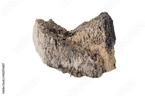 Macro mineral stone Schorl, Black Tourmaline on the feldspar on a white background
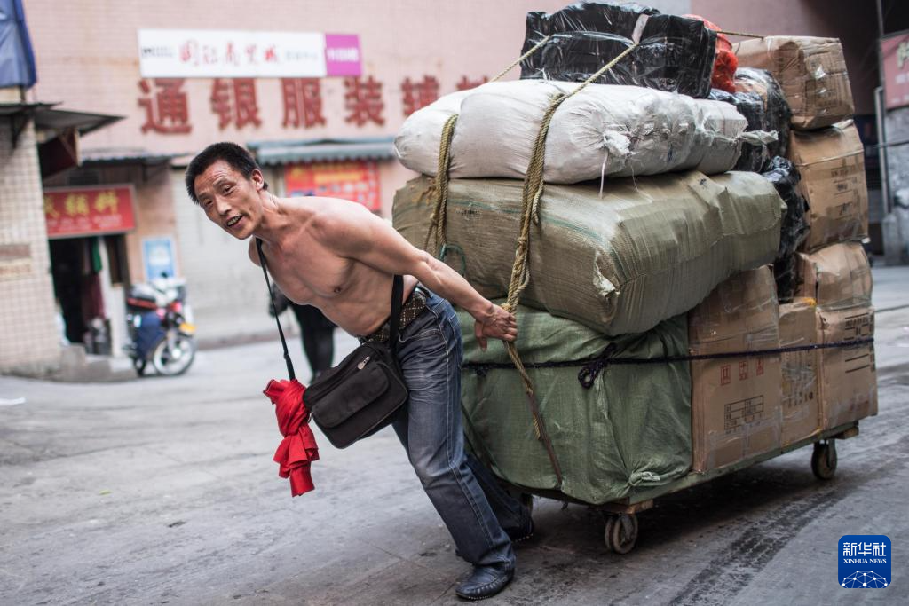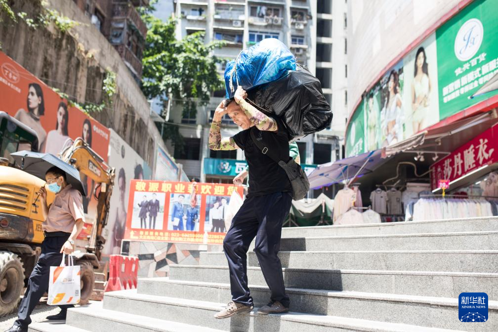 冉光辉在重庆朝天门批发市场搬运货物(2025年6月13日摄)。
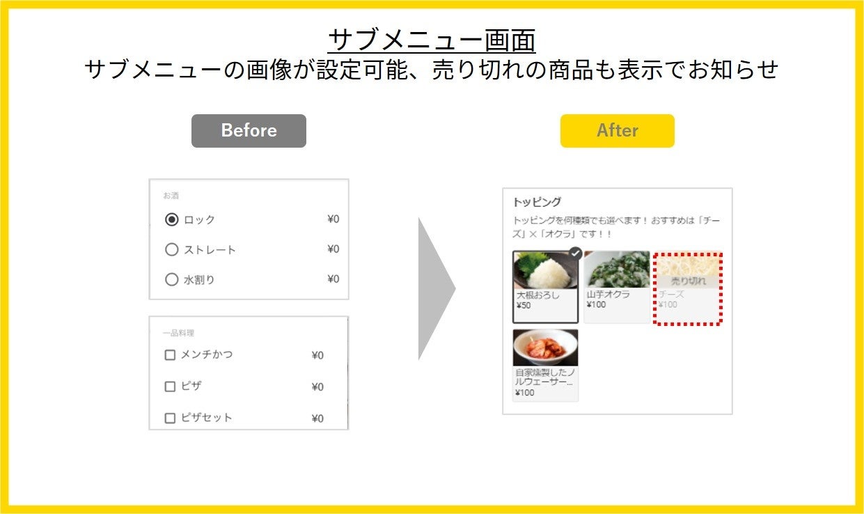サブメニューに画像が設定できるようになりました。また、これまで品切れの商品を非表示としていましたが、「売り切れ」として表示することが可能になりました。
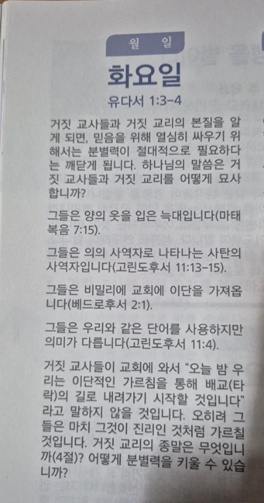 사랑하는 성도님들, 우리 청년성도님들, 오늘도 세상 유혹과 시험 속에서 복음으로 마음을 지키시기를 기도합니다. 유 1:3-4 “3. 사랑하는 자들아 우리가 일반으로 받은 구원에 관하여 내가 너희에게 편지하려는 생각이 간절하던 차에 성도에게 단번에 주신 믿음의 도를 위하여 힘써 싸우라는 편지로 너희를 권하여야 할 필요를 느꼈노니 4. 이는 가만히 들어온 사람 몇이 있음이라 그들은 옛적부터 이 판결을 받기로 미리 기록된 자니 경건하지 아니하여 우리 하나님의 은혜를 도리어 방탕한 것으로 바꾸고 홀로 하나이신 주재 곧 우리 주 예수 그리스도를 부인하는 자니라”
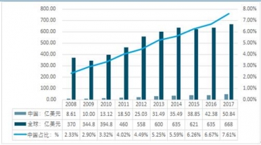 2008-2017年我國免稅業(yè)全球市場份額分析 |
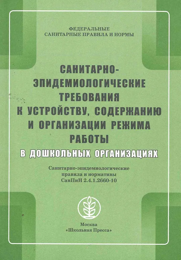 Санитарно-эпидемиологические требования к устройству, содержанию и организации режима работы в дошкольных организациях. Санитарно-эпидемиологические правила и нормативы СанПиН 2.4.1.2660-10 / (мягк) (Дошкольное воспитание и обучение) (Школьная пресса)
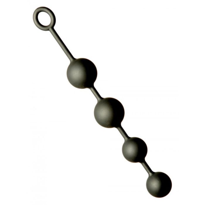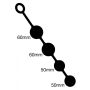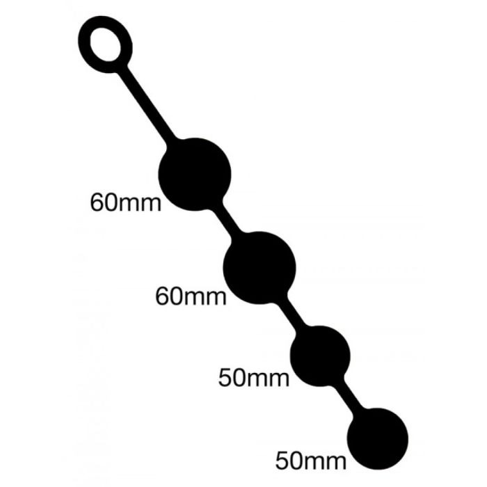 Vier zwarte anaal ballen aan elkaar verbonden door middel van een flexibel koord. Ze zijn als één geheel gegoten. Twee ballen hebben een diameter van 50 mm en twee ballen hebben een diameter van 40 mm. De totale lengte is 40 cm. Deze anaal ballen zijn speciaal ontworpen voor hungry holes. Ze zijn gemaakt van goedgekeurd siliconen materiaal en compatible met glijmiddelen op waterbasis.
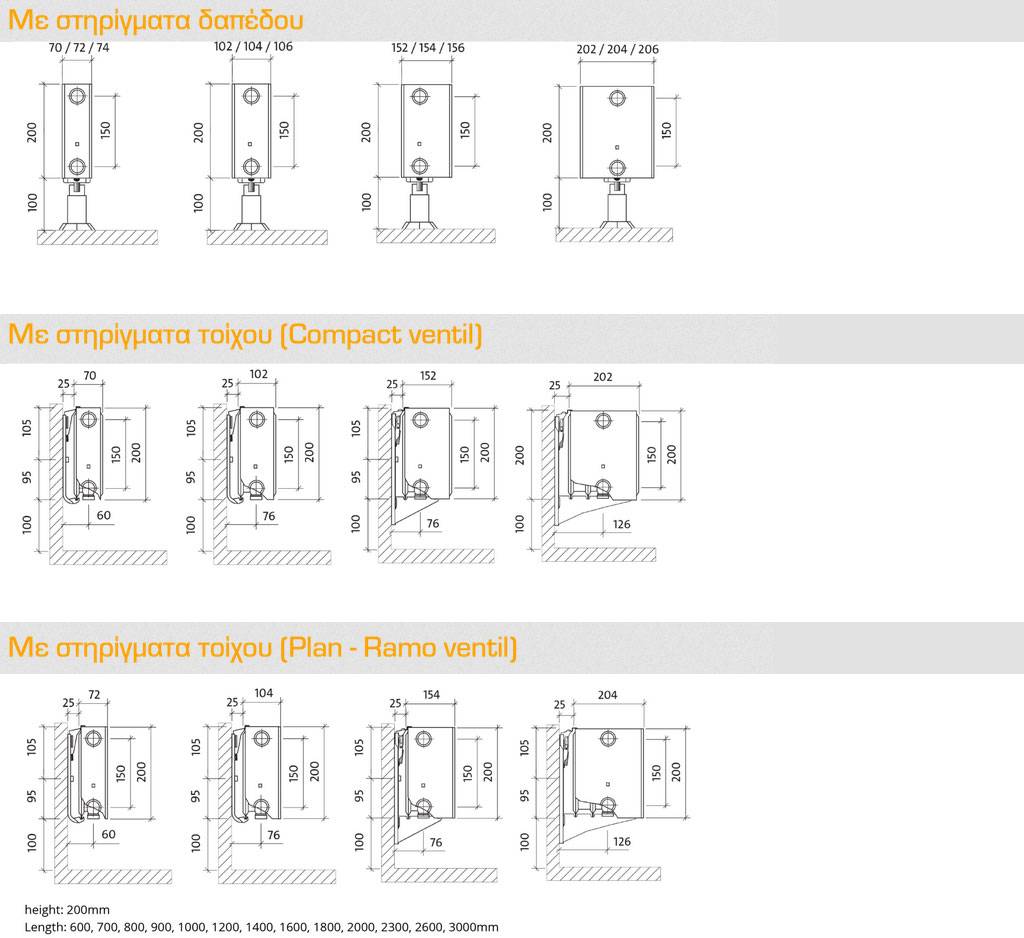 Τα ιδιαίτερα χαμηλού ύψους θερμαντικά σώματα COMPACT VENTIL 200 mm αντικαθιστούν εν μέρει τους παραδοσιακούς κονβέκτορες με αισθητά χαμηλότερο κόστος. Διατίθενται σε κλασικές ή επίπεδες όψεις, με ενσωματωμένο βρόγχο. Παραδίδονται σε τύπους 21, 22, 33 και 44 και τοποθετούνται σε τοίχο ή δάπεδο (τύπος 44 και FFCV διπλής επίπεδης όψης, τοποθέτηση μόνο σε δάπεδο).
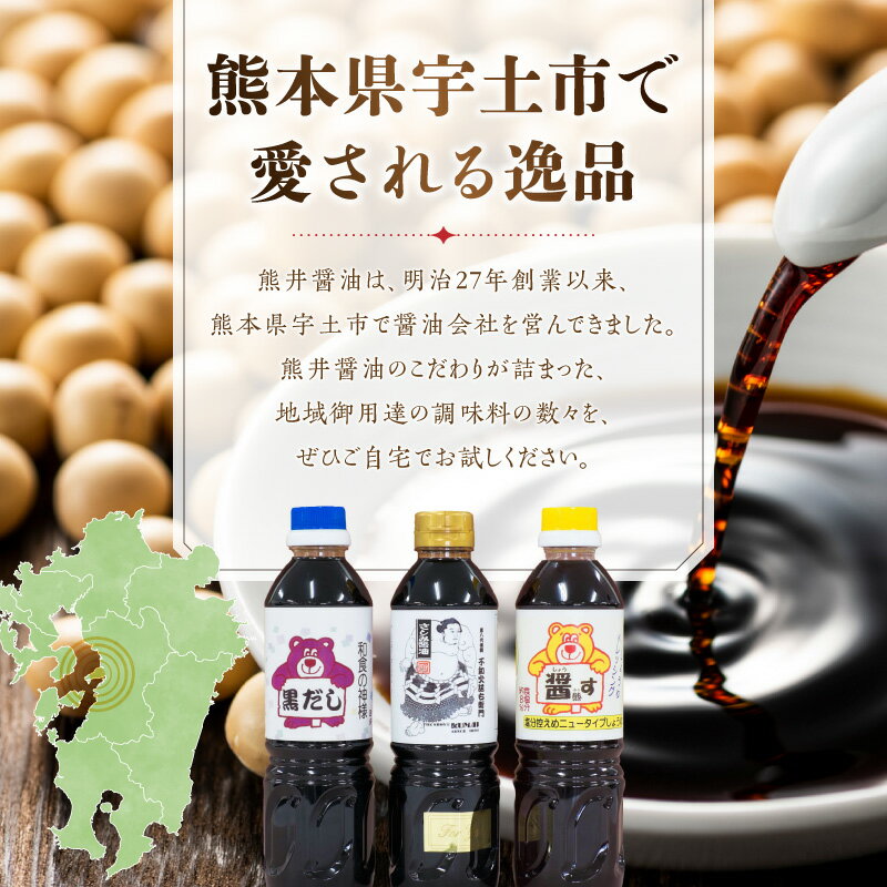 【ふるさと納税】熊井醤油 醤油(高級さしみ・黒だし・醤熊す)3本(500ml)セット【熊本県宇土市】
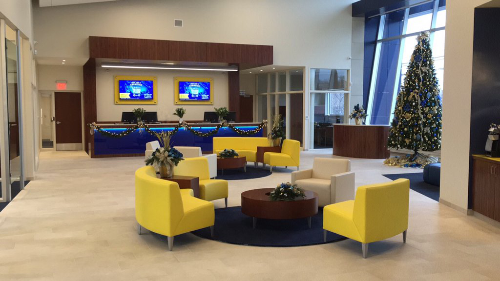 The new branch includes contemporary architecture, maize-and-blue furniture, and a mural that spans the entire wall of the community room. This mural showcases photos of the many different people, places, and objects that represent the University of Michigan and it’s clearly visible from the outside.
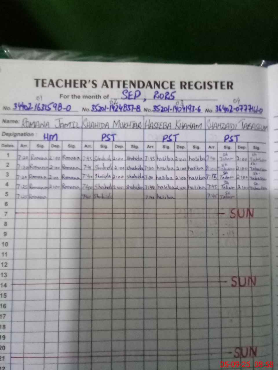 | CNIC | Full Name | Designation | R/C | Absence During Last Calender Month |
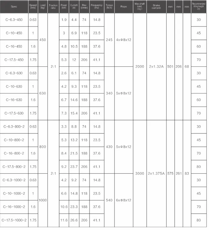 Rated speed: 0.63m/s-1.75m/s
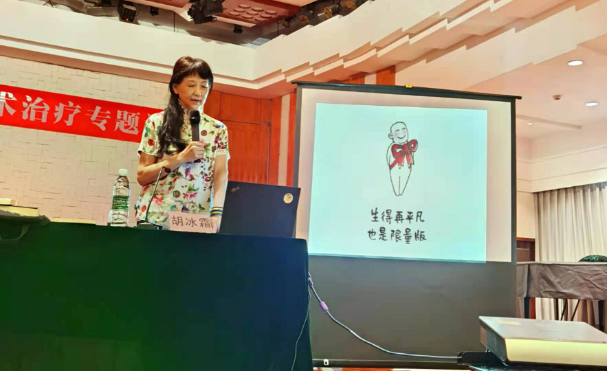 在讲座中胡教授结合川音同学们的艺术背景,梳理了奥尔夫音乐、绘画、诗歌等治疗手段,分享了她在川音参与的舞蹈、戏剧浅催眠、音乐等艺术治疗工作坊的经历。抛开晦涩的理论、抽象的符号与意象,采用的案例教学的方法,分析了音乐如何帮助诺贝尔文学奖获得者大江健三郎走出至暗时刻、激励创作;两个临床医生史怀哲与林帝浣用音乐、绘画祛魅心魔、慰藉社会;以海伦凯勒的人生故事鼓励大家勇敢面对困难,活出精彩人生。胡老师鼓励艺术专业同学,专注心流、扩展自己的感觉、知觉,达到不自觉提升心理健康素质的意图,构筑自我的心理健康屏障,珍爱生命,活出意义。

========================

§ EXERCISE OBJECTIVE
Given the listing above, retype only the span of lines from the line with "サブメニューに画像が設定でき" up to and including the line with "2008-2017年我國免稅業(yè)全球市場份額分析 |", exactly as it stands and without pictures.

§ OUTPUT
サブメニューに画像が設定できるようになりました。また、これまで品切れの商品を非表示としていましたが、「売り切れ」として表示することが可能になりました。
 사랑하는 성도님들, 우리 청년성도님들, 오늘도 세상 유혹과 시험 속에서 복음으로 마음을 지키시기를 기도합니다. 유 1:3-4 “3. 사랑하는 자들아 우리가 일반으로 받은 구원에 관하여 내가 너희에게 편지하려는 생각이 간절하던 차에 성도에게 단번에 주신 믿음의 도를 위하여 힘써 싸우라는 편지로 너희를 권하여야 할 필요를 느꼈노니 4. 이는 가만히 들어온 사람 몇이 있음이라 그들은 옛적부터 이 판결을 받기로 미리 기록된 자니 경건하지 아니하여 우리 하나님의 은혜를 도리어 방탕한 것으로 바꾸고 홀로 하나이신 주재 곧 우리 주 예수 그리스도를 부인하는 자니라”
 2008-2017年我國免稅業(yè)全球市場份額分析 |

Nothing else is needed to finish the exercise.